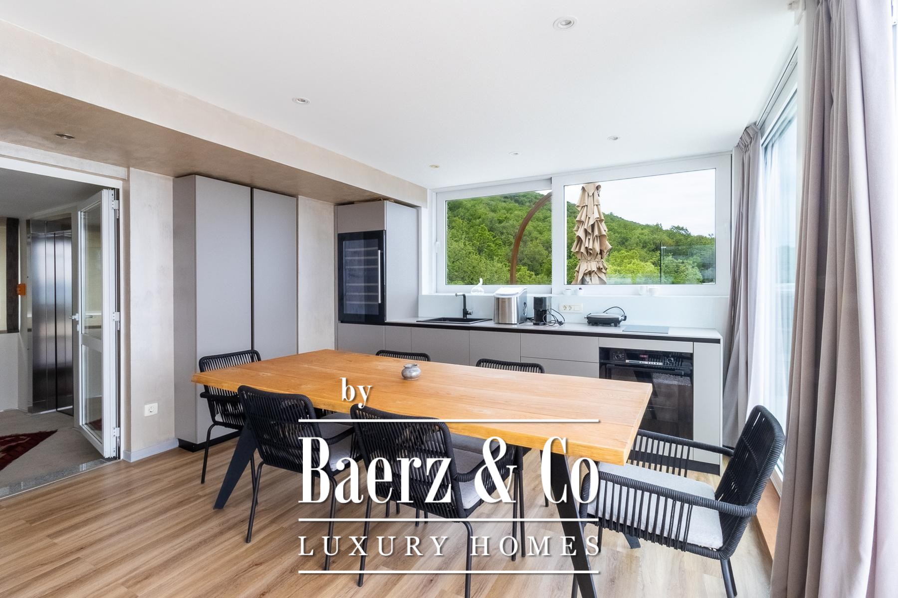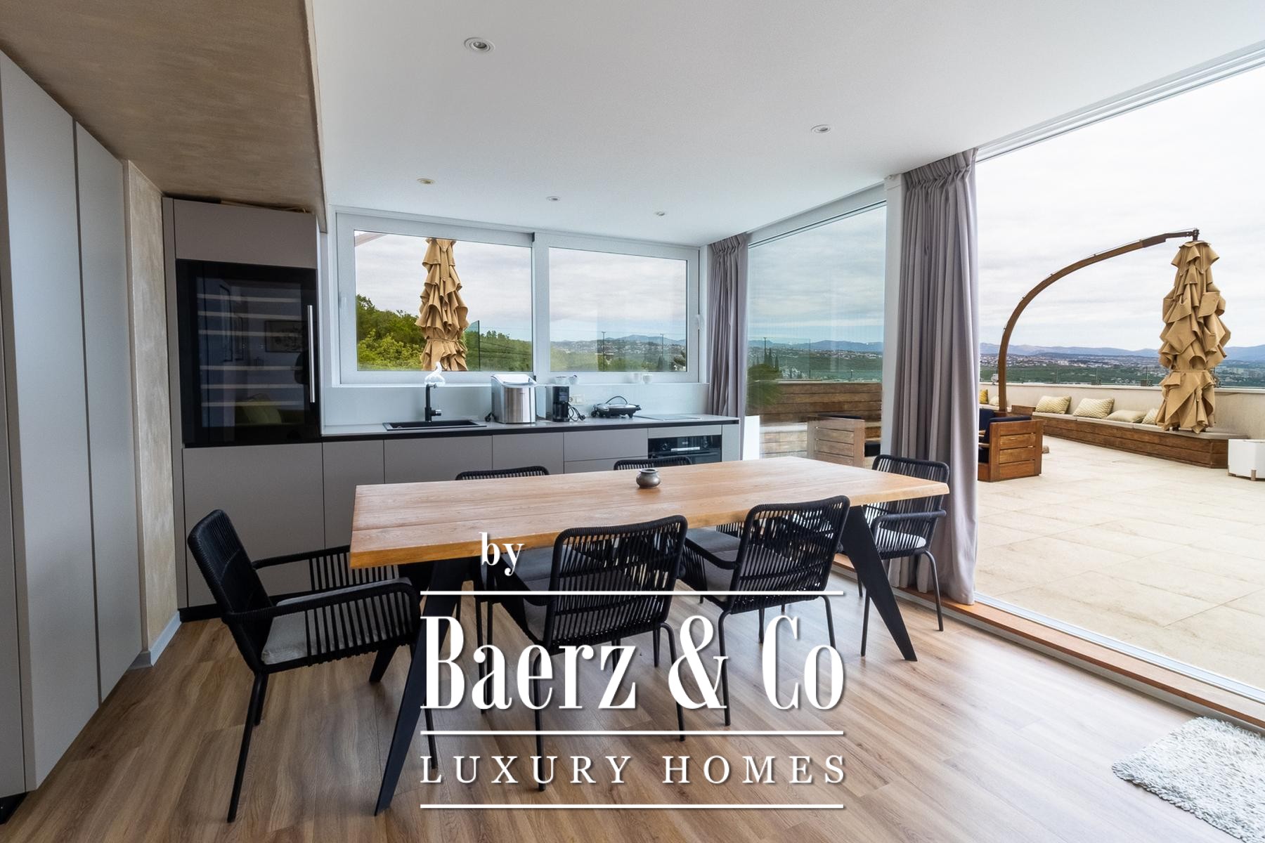Het luxe penthouse Opatija ligt op slechts 490 meter van de zee en beslaat een indrukwekkende 267 m² aan verfijnde leefruimte in een modern gebouw. De woning beschikt over vier slaapkamers en vier badkamers, elk zorgvuldig ontworpen voor een ingetogen gevoel van luxe en hedendaags comfort. Het ruime interieur wordt gevormd door een open woon-, eet- en keukenruimte, aangevuld met een werkkamer, twee inloopkasten, bijkeuken en extra doorloopzones voor optimaal dagelijks gemak.
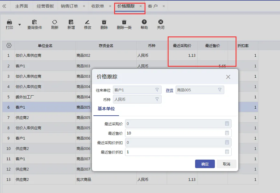4. 价格跟踪管理通过 系统设置-基础设置-价格跟踪 报表,查询并维护指定客户(或供应商)对应商品的最近采购价格或最近售价。
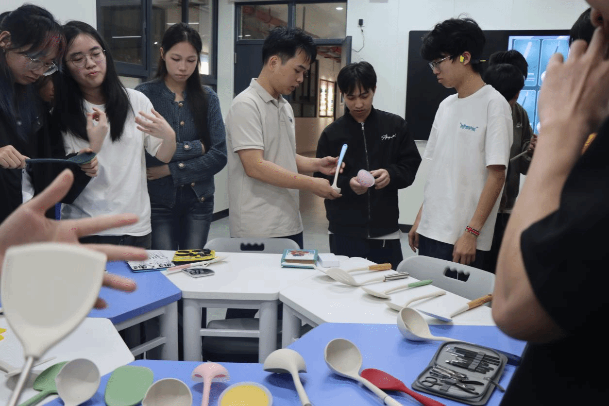 为让师生更直观了解行业前沿动态,同步开展了专题报告环节。产品设计系师生代表,认真听取了精诚智科技邱锦炫经理带来的专题分享。邱经理围绕硅胶家居用品、美容套件的产品设计,结合企业实战经验,深入解析了行业市场现状、消费趋势、设计要点及研发方向,从材质选型、功能优化到外观创意进行细致拆解,为师生搭建了理论与实践对接的桥梁。报告结束后,师生们积极与邱锦炫经理互动交流,围绕产品设计细节、行业就业机遇、创新设计思路等话题展开深入探讨,现场氛围热烈,师生们均表示收获颇丰。
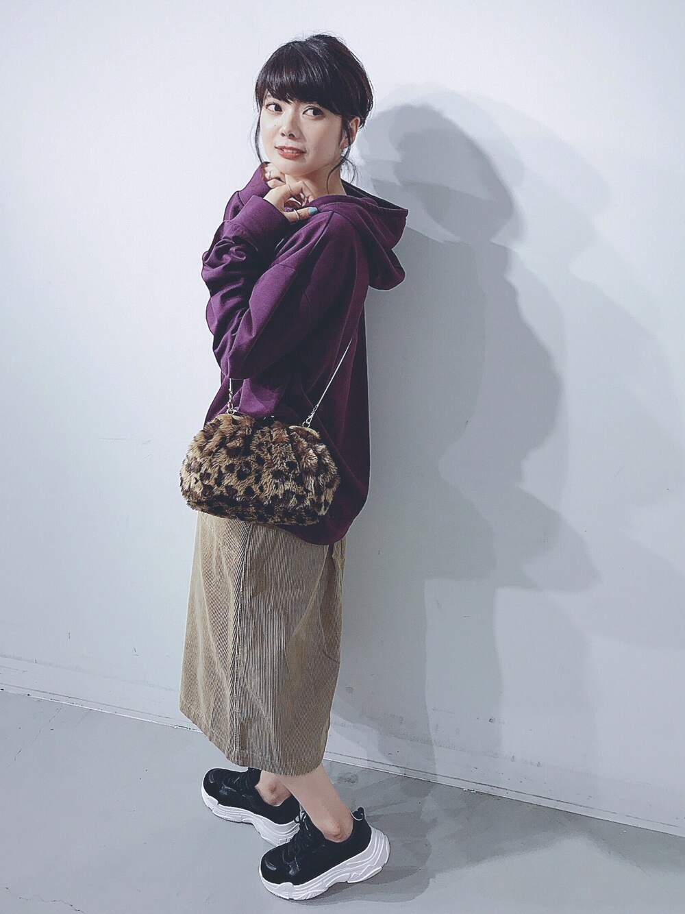 新作の裏毛パーカーは ゆるゆるなシルエットがかわいいです♡ ボトムスはコーデュロイ素材で カジュアルにしつつ、 パンツではなくスカートで 女性らしくしたのがポイントです。 レオパード柄はこの秋冬とっても気になります! 小物なら取り入れやすいです 🐆
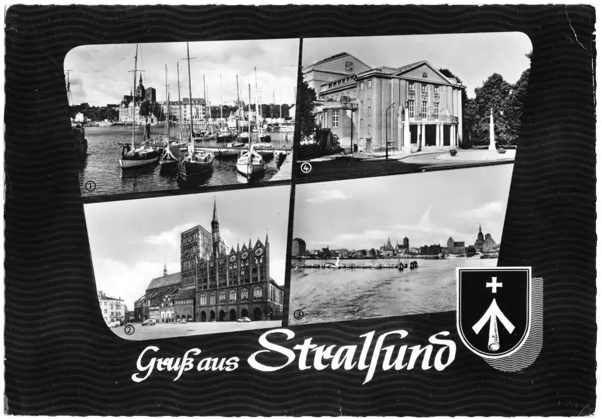 Ansichtskarte Stralsund vier Abb., - Hafen, Theater, Rathaus am Alten Markt, Blick zum Hafen, gestaltet Erhaltung I-II postalisch gelaufen, gestempelt: 18.8.63 Druckvermerk: 1963 Herstellungsland: DDR Verlag: Heldge-Verlag KG, Köthen Anhalt
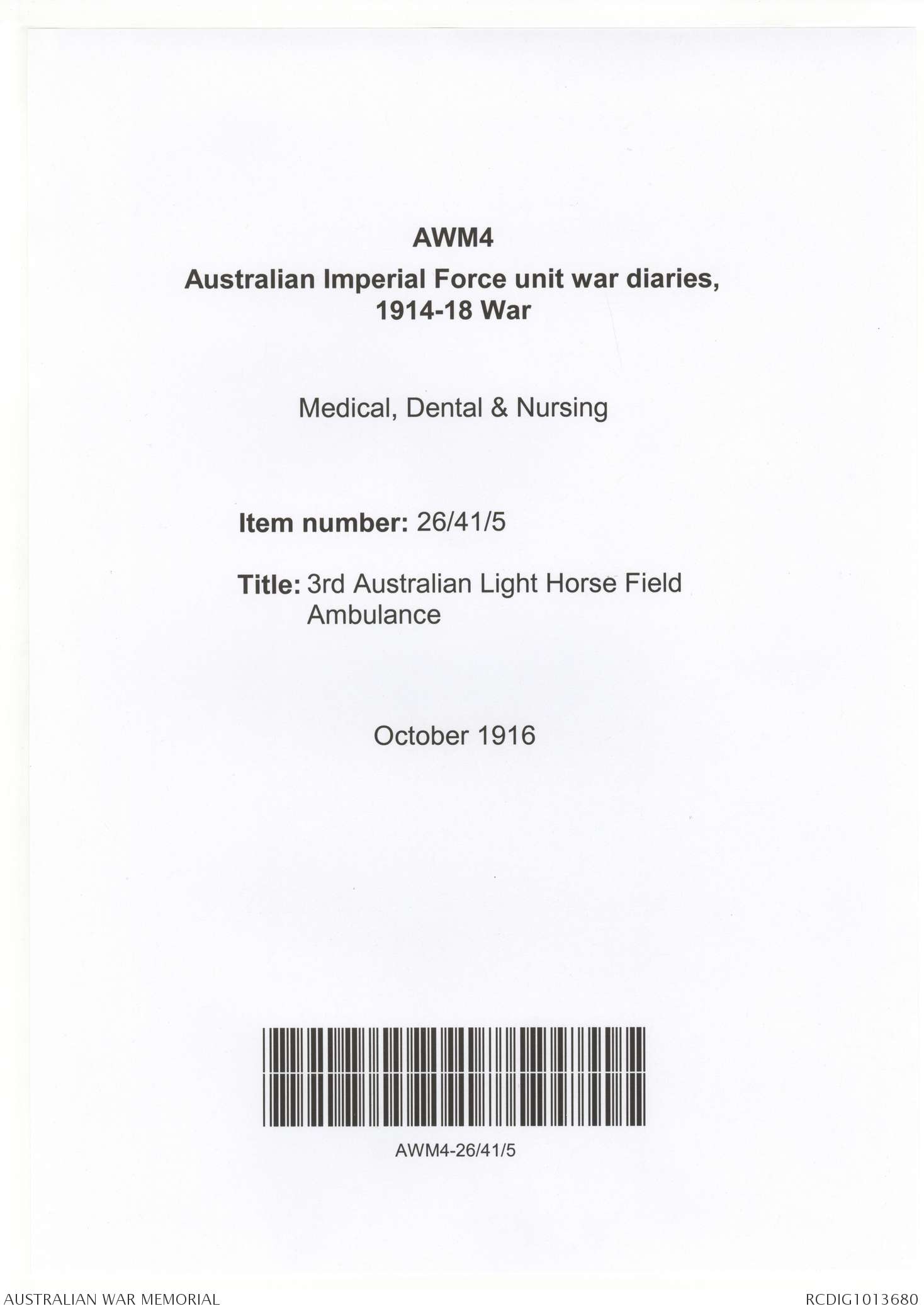 - AWM4 Subclass 26/41 - 3rd Australian Light Horse Field Ambulance

⁂

(What to do):
Extract, word for word, each line from the one that contains "4. 价格跟踪管理通过 系统设置-基础设置-价格跟踪" through the final line of the data above. Leave the pictures out.

(Your response):
4. 价格跟踪管理通过 系统设置-基础设置-价格跟踪 报表,查询并维护指定客户(或供应商)对应商品的最近采购价格或最近售价。
 为让师生更直观了解行业前沿动态,同步开展了专题报告环节。产品设计系师生代表,认真听取了精诚智科技邱锦炫经理带来的专题分享。邱经理围绕硅胶家居用品、美容套件的产品设计,结合企业实战经验,深入解析了行业市场现状、消费趋势、设计要点及研发方向,从材质选型、功能优化到外观创意进行细致拆解,为师生搭建了理论与实践对接的桥梁。报告结束后,师生们积极与邱锦炫经理互动交流,围绕产品设计细节、行业就业机遇、创新设计思路等话题展开深入探讨,现场氛围热烈,师生们均表示收获颇丰。
 新作の裏毛パーカーは ゆるゆるなシルエットがかわいいです♡ ボトムスはコーデュロイ素材で カジュアルにしつつ、 パンツではなくスカートで 女性らしくしたのがポイントです。 レオパード柄はこの秋冬とっても気になります! 小物なら取り入れやすいです 🐆
 Ansichtskarte Stralsund vier Abb., - Hafen, Theater, Rathaus am Alten Markt, Blick zum Hafen, gestaltet Erhaltung I-II postalisch gelaufen, gestempelt: 18.8.63 Druckvermerk: 1963 Herstellungsland: DDR Verlag: Heldge-Verlag KG, Köthen Anhalt
 - AWM4 Subclass 26/41 - 3rd Australian Light Horse Field Ambulance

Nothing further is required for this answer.